[Stored data]
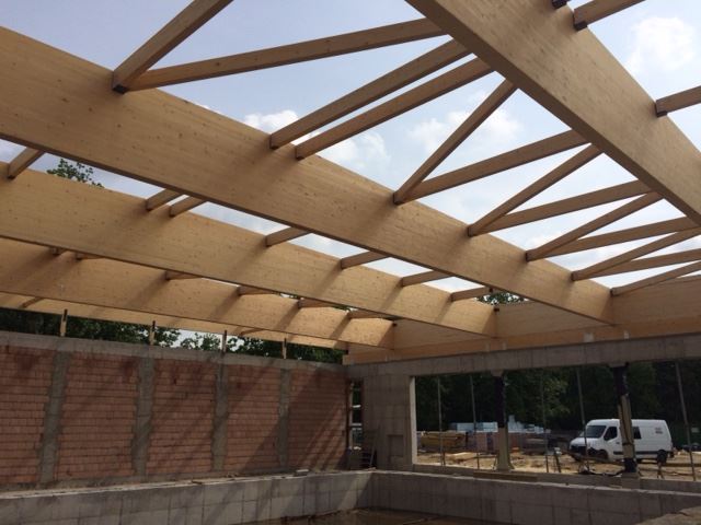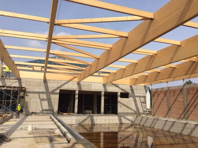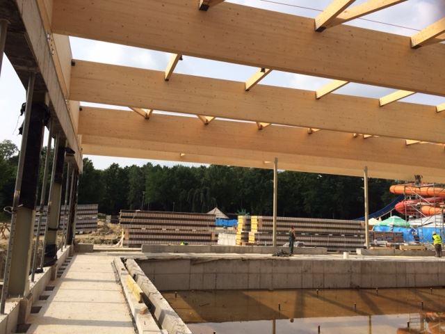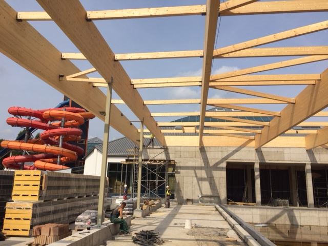 Kompleksowa obsługa w zakresie projektowania, dostawy i montażu konstrukcji dachu na obiekcie Aquapark w Łodzi, przy Al. Unii Lubelskiej. Wymiary obiektu: 31 m x 25,7 m Główne elementy konstrukcji dachu to dźwigary dwutrapezowe oraz płatwie i stężenia z drewna klejonego.
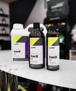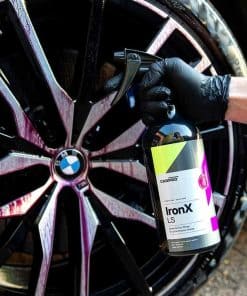 Removedor de Hierro CARPRO IronX con aroma a limón es una fórmula de calidad superior diseñada para eliminar de manera efectiva las partículas de hierro y prevenir el daño asociado con el óxido. Con un nuevo aroma a limón, esta fórmula es un 10% más potente, lo que la hace ideal para detener las manchas de óxido y el fallo prematuro del recubrimiento transparente de su vehículo. Además, IronX es un producto seguro para todas las superficies, ya que es libre de ácidos y pH neutro. Neutraliza las reacciones que causan el óxido y el fallo de la pintura, provenientes del polvo caliente de los frenos y otros compuestos químicos en el aire que contienen hierro. Este removedor de hierro es efectivo en cualquier tipo de ruedas, pinturas brillantes, acabados de barniz, metales pulidos, cromo y cristal. Utilizado y preferido por profesionales y entusiastas del automóvil en todo el mundo, CARPRO IronX es la elección confiable para proteger y prolongar el recubrimiento y la pintura de su vehículo.
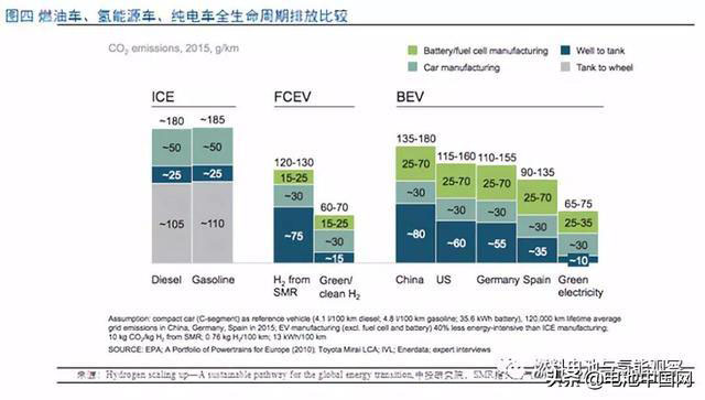 減排:氫燃料電池的反應方程式非常簡單:氫氣+氧氣→水。不僅沒有氮氧化物這種有毒氣體,連二氧化碳都沒有。當然,與電動車碳排放的爭議相似,從全生命周期的角度來看,發(fā)電或制氫是免不了有碳排放的。目前的主流觀點是:即便是考慮70%的火電,純電動車的碳排放還是優(yōu)于燃油車,氫燃料電池車則與純電動相當或更好。
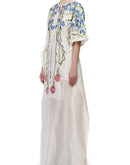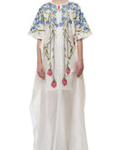 Ivory relax fit floor-length front-opening Cotton Silk Kaftan, embroidered in silk & zari yarn.
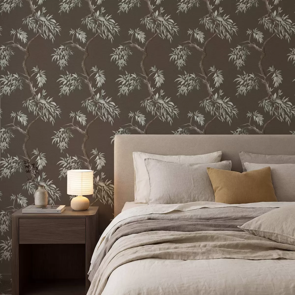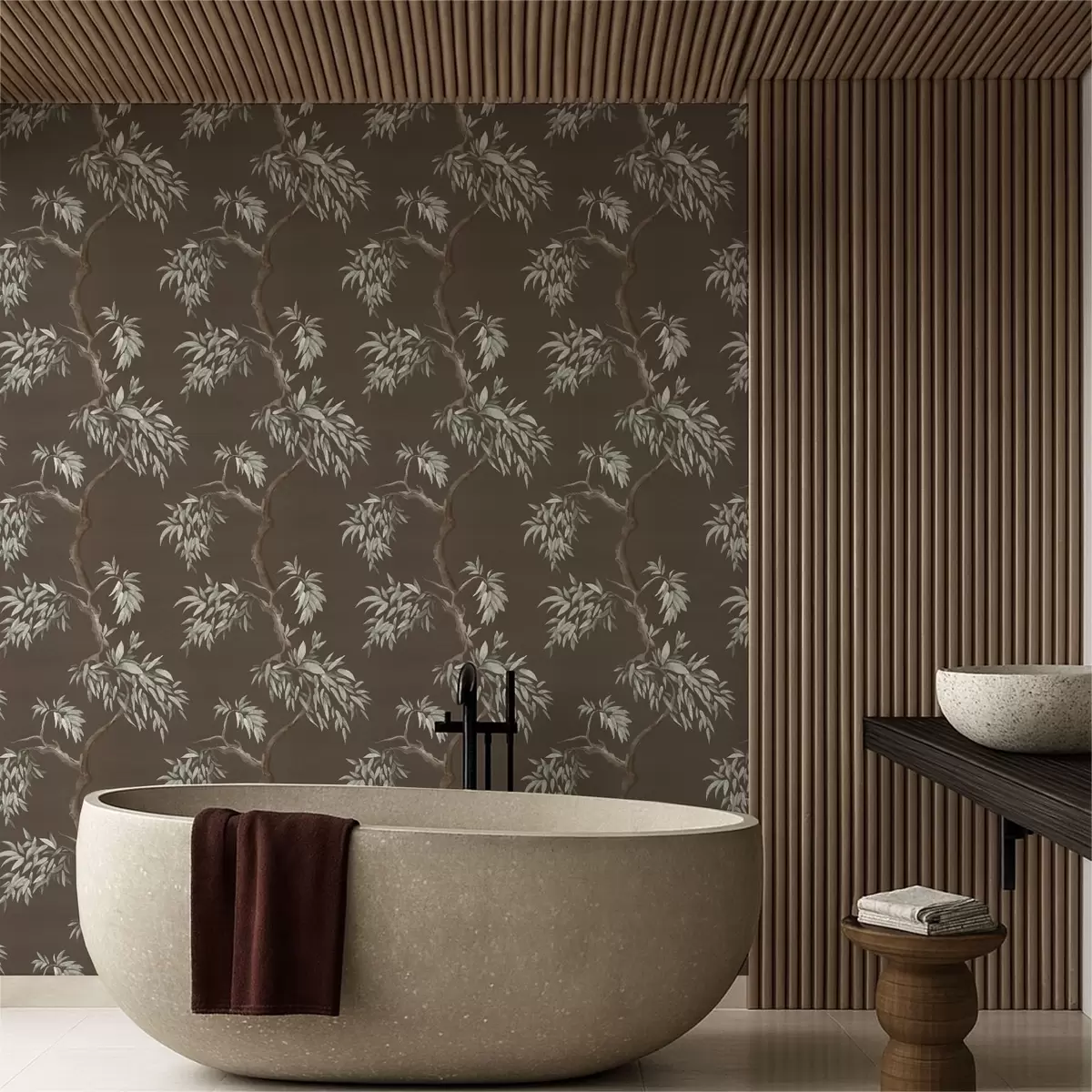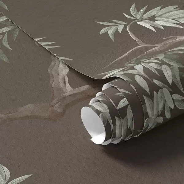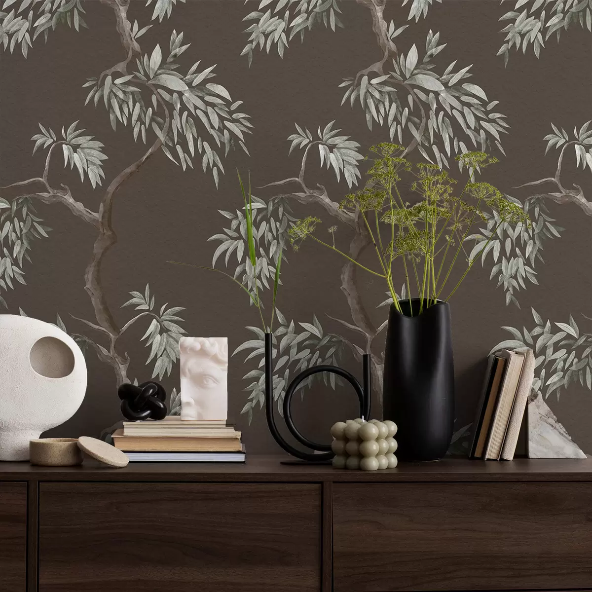 Papel de parede Galho de árvore com folhas sobre fundo marrom Nr. a01117v3

◆ What you are asked to do:
Whatever pictures the entries contain, omit them, and write the rest out exactly.

◆ Written response:
 Kompleksowa obsługa w zakresie projektowania, dostawy i montażu konstrukcji dachu na obiekcie Aquapark w Łodzi, przy Al. Unii Lubelskiej. Wymiary obiektu: 31 m x 25,7 m Główne elementy konstrukcji dachu to dźwigary dwutrapezowe oraz płatwie i stężenia z drewna klejonego.
 Removedor de Hierro CARPRO IronX con aroma a limón es una fórmula de calidad superior diseñada para eliminar de manera efectiva las partículas de hierro y prevenir el daño asociado con el óxido. Con un nuevo aroma a limón, esta fórmula es un 10% más potente, lo que la hace ideal para detener las manchas de óxido y el fallo prematuro del recubrimiento transparente de su vehículo. Además, IronX es un producto seguro para todas las superficies, ya que es libre de ácidos y pH neutro. Neutraliza las reacciones que causan el óxido y el fallo de la pintura, provenientes del polvo caliente de los frenos y otros compuestos químicos en el aire que contienen hierro. Este removedor de hierro es efectivo en cualquier tipo de ruedas, pinturas brillantes, acabados de barniz, metales pulidos, cromo y cristal. Utilizado y preferido por profesionales y entusiastas del automóvil en todo el mundo, CARPRO IronX es la elección confiable para proteger y prolongar el recubrimiento y la pintura de su vehículo.
 減排:氫燃料電池的反應方程式非常簡單:氫氣+氧氣→水。不僅沒有氮氧化物這種有毒氣體,連二氧化碳都沒有。當然,與電動車碳排放的爭議相似,從全生命周期的角度來看,發(fā)電或制氫是免不了有碳排放的。目前的主流觀點是:即便是考慮70%的火電,純電動車的碳排放還是優(yōu)于燃油車,氫燃料電池車則與純電動相當或更好。
 Ivory relax fit floor-length front-opening Cotton Silk Kaftan, embroidered in silk & zari yarn.
 Papel de parede Galho de árvore com folhas sobre fundo marrom Nr. a01117v3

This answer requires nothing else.